*Exercise prompt*: The lines below from the one with "Bin is inside the door." up to and including the one with "Standard Specification for" are what you should set down, exactly and without pictures.

*Data for analysis*:
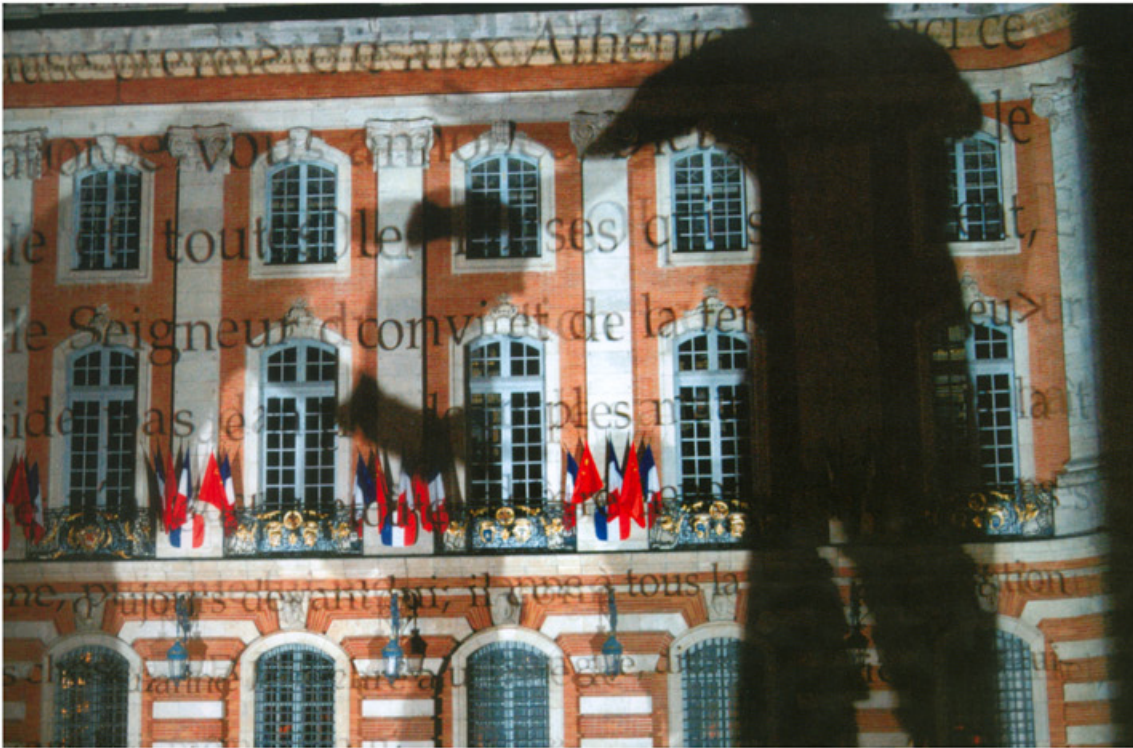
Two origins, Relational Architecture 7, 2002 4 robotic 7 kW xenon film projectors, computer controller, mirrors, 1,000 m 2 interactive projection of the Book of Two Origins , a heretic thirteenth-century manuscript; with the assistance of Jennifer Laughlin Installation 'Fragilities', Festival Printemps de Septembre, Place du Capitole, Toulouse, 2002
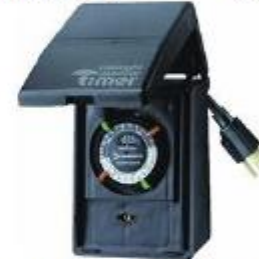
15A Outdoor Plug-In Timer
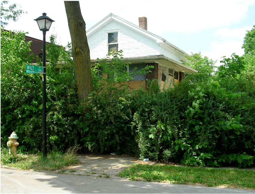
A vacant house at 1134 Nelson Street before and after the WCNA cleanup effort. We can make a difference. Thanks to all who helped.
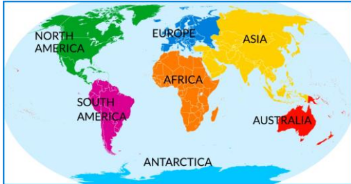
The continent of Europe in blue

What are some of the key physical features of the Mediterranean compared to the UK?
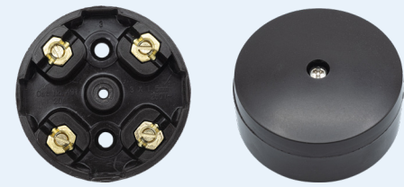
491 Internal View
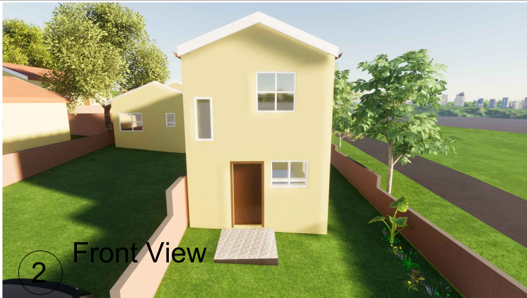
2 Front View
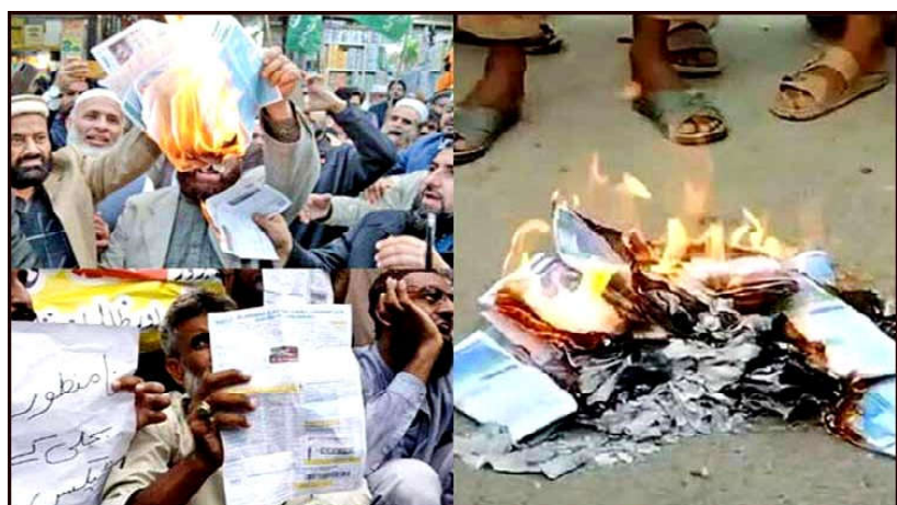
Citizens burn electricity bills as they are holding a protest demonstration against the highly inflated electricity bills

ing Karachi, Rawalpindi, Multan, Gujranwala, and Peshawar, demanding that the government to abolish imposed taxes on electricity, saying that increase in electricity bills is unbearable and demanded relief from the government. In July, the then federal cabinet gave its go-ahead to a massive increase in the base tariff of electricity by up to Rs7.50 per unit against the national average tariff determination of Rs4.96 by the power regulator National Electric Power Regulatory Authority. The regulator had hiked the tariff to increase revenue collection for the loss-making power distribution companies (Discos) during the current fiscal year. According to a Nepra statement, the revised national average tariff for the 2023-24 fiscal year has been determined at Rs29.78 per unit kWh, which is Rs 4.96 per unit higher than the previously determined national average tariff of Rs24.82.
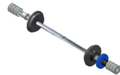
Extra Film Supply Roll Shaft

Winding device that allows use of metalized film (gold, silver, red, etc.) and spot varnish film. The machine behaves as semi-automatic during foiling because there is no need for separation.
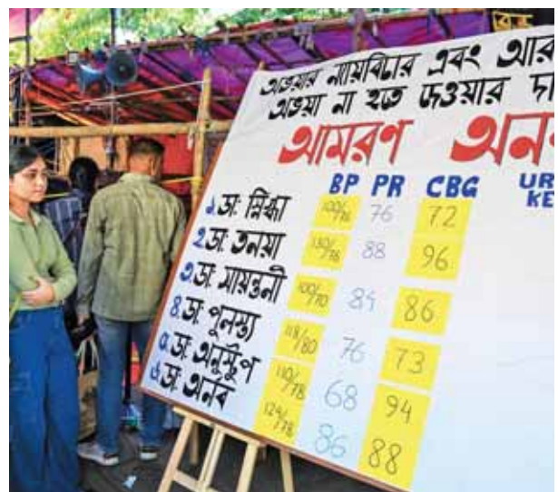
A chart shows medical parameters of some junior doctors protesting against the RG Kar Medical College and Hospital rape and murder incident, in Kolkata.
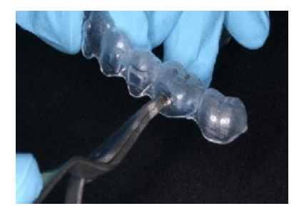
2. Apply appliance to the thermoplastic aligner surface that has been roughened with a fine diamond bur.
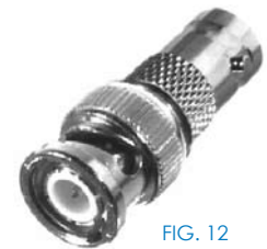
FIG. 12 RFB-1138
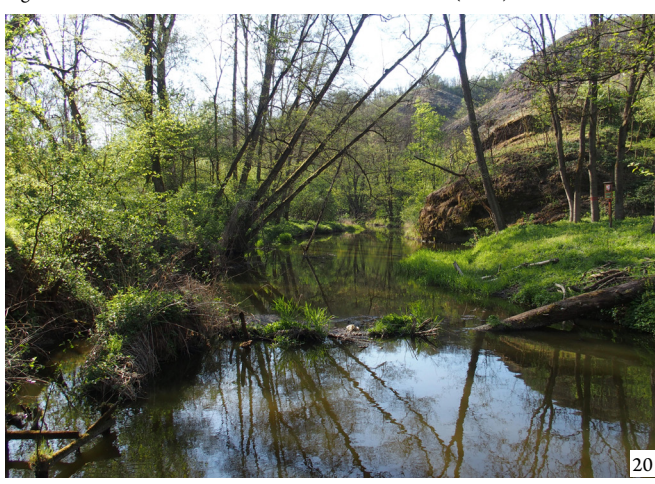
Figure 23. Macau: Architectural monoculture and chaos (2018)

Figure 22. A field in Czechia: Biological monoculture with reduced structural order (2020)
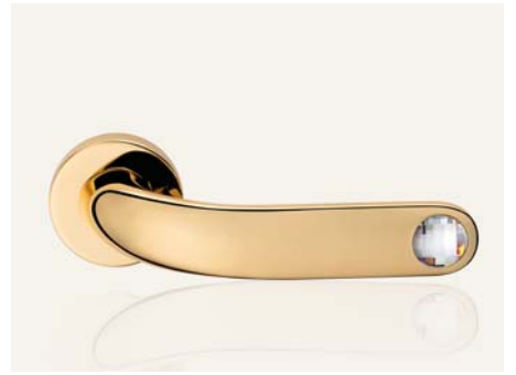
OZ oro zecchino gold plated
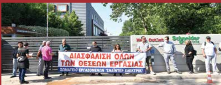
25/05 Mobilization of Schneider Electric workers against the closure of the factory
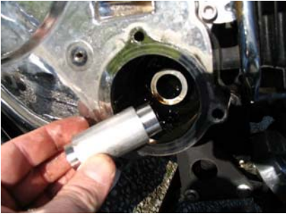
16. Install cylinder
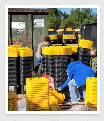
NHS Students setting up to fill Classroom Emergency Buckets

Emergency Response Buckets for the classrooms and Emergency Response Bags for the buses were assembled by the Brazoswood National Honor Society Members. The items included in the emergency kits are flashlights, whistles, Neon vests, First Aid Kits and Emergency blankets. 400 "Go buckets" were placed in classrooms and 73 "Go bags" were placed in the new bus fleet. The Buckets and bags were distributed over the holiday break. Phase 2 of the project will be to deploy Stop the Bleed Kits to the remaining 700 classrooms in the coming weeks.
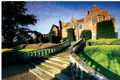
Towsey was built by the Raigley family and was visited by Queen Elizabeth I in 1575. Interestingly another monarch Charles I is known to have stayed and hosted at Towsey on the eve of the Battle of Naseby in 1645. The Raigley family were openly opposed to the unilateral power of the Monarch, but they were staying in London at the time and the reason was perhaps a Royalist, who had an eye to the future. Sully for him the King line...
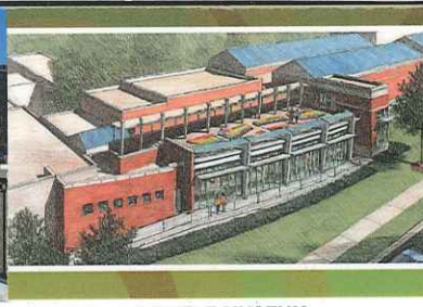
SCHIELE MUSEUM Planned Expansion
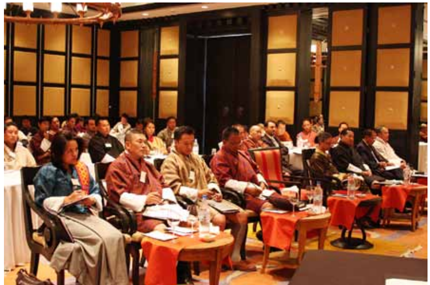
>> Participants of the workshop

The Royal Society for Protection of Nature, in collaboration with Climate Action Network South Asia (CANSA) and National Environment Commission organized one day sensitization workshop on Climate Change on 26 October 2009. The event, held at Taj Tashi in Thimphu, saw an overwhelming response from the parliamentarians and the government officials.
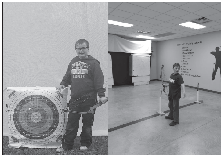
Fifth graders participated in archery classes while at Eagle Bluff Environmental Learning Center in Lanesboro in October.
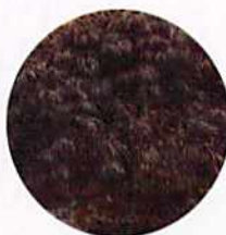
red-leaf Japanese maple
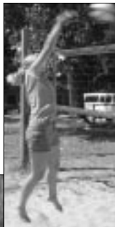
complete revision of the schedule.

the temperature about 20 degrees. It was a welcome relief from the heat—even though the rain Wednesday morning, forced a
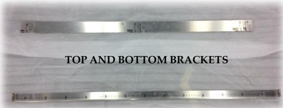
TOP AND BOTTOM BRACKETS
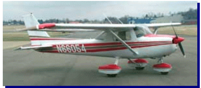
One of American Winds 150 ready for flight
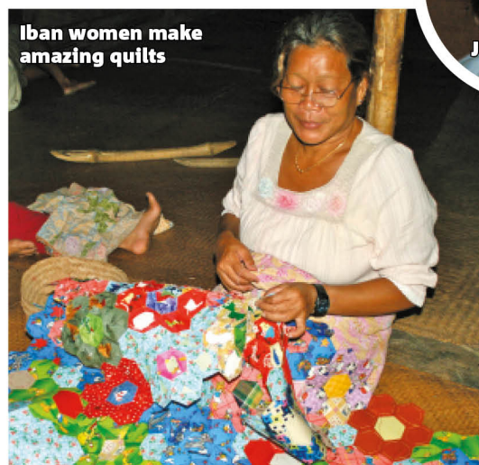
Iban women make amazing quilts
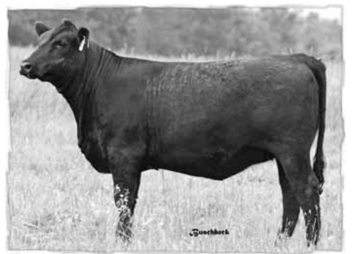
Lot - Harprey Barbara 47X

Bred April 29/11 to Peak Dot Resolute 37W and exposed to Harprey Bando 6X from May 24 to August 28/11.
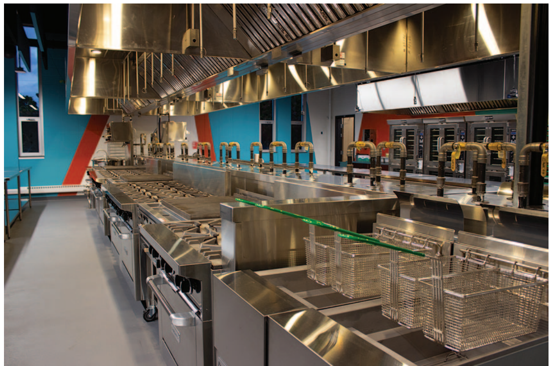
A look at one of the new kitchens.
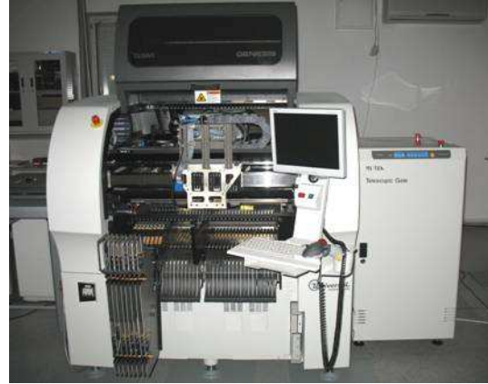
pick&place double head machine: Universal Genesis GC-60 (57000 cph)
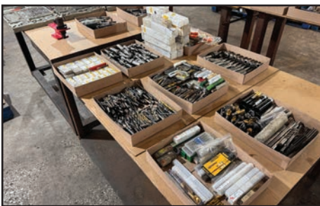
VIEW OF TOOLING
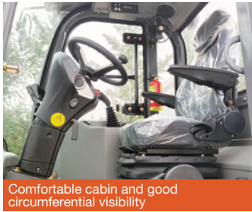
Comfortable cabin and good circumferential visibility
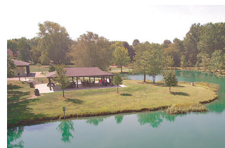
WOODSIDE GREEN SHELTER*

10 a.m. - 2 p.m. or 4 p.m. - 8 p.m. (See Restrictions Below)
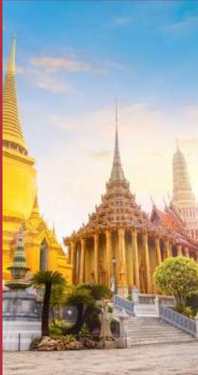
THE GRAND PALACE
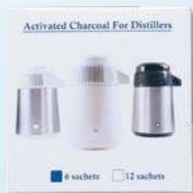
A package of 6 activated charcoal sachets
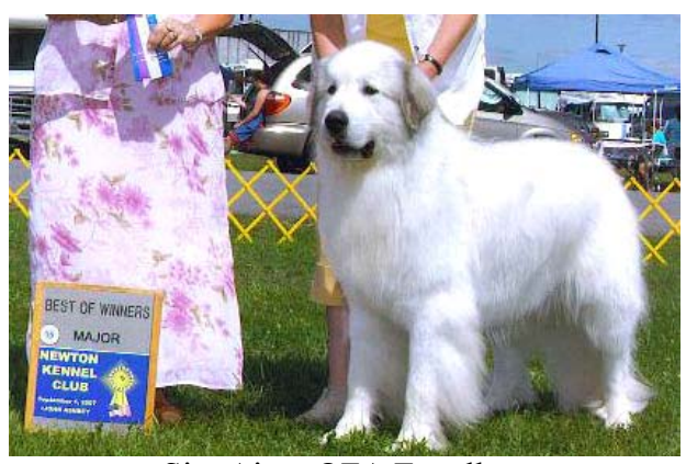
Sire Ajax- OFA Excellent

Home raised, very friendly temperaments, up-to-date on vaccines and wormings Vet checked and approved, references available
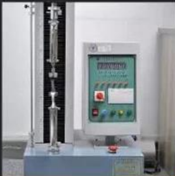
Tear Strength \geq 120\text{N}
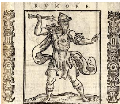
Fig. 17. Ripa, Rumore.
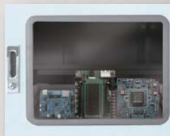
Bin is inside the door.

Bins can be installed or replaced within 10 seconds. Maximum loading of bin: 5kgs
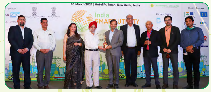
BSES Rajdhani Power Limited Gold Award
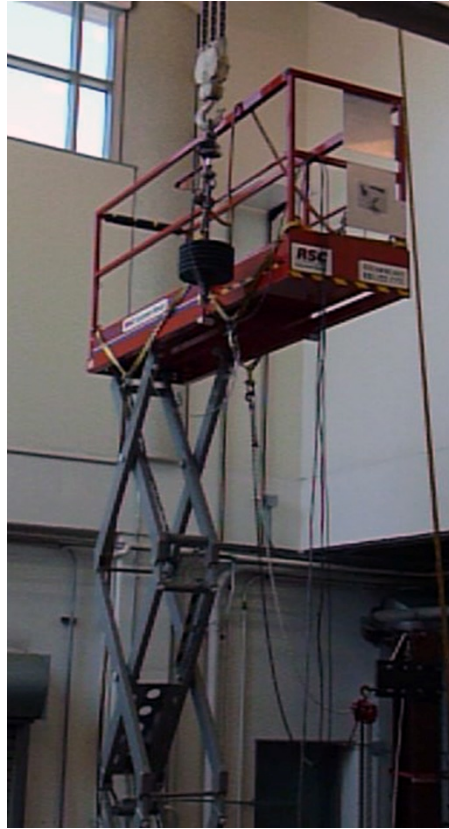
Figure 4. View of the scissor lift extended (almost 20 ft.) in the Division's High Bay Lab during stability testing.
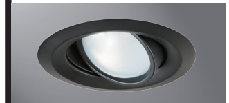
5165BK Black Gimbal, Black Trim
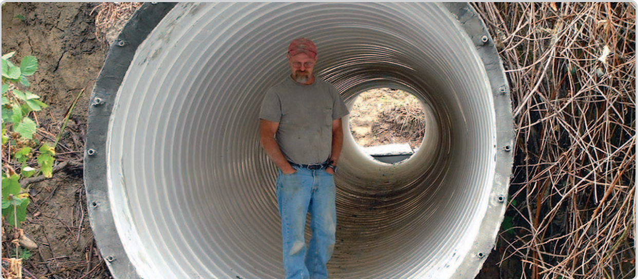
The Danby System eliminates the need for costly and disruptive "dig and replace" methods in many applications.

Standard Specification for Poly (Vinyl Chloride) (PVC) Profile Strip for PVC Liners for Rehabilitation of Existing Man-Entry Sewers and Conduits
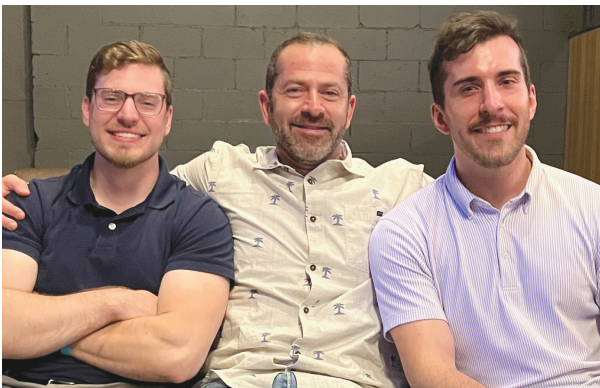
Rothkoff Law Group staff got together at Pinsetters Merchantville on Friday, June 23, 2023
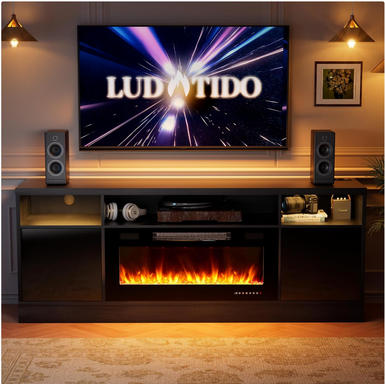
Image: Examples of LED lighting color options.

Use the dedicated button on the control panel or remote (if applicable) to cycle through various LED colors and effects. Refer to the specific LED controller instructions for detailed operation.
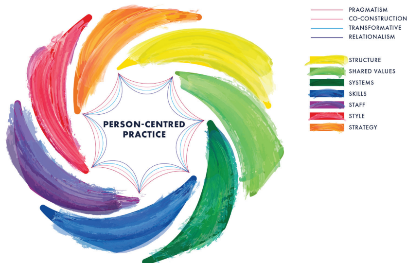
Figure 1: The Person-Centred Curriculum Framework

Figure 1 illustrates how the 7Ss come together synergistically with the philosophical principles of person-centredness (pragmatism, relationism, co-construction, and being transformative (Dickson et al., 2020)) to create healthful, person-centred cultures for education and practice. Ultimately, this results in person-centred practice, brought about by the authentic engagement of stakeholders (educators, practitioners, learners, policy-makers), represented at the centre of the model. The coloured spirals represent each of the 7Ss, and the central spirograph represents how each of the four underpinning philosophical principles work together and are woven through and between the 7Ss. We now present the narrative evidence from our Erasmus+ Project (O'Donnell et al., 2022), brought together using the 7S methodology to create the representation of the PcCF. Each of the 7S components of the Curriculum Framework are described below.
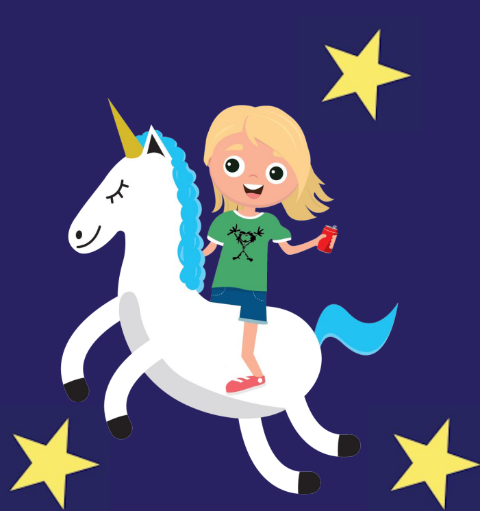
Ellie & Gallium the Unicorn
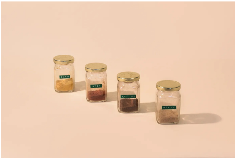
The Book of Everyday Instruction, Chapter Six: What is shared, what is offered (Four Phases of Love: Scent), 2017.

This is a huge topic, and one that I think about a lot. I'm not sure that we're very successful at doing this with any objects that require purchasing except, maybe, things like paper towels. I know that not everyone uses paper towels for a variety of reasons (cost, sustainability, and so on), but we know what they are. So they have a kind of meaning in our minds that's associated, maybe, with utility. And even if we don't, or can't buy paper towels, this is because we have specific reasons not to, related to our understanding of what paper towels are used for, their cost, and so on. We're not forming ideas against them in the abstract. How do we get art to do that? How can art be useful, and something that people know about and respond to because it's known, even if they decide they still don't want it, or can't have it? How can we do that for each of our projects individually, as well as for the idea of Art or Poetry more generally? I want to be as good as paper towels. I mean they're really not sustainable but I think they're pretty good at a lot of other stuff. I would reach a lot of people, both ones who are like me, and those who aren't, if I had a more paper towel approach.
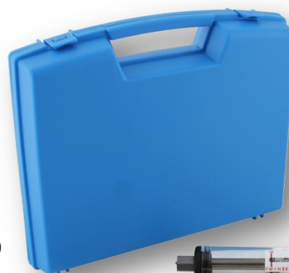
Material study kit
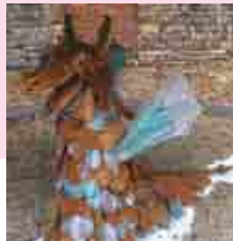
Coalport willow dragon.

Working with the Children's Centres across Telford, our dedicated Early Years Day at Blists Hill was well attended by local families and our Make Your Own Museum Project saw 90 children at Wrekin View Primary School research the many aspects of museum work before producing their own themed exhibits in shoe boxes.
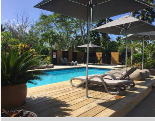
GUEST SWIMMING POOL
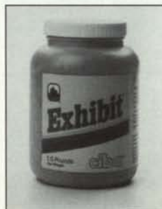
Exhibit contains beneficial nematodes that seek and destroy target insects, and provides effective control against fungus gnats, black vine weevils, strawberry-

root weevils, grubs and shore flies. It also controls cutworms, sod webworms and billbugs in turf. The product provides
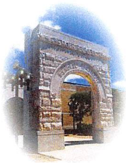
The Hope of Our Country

*Solution to this problem*:
Bin is inside the door.

Bins can be installed or replaced within 10 seconds. Maximum loading of bin: 5kgs
BSES Rajdhani Power Limited Gold Award
Figure 4. View of the scissor lift extended (almost 20 ft.) in the Division's High Bay Lab during stability testing.
5165BK Black Gimbal, Black Trim
The Danby System eliminates the need for costly and disruptive "dig and replace" methods in many applications.

Standard Specification for Poly (Vinyl Chloride) (PVC) Profile Strip for PVC Liners for Rehabilitation of Existing Man-Entry Sewers and Conduits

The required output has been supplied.